It is known that within the set of orthogonal projectors (Hermitian idempotent matrices) certain matrix partial orderings coincide in the sense that when two orthogonal projectors are ordered with respect to one of the orderings, then they are also ordered with respect to the others. This concerns, inter alia, the star, minus, diamond, sharp, core, and Löwner orderings. The situation changes, though, when instead of two orthogonal projectors, various functions of the pair (being either no longer Hermitian or no longer idempotent) are compared. The present paper provides an extensive investigation of the matrix partial orderings of functions of two orthogonal projectors. In addition to the six orderings mentioned above, three further binary functions are covered by the analysis, one of which is the space preordering. A particular attention is paid to the requirements that either product, sum, or difference of two orthogonal projectors is itself an orthogonal projector, i.e., inherits both features, Hermitianness and idempotency.
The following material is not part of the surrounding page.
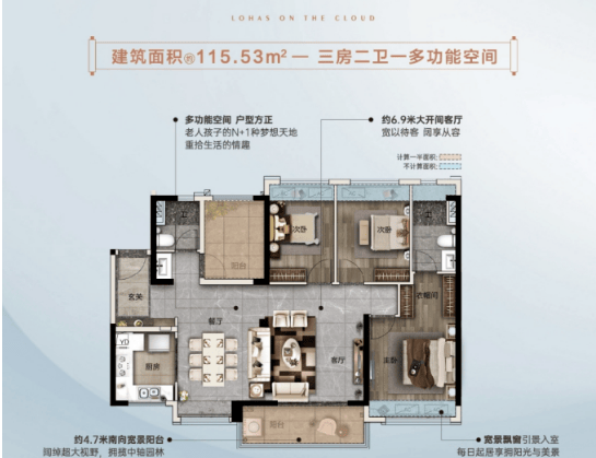 115㎡四房:刚改主力,6.9 米横厅设计 + 4.7 米南向阳台,南北通透,LDK 一体化布局提升家庭互动空间,适配多人口家庭;

Links of the results obtained with the research areas of applied origin (e.g., physics and statistics) are pointed out as well.

Suggested Citation

  • Oskar Maria Baksalary & Götz Trenkler, 2021. "A partial ordering approach to characterize properties of a pair of orthogonal projectors," Indian Journal of Pure and Applied Mathematics, Springer, vol. 52(2), pages 323-334, June.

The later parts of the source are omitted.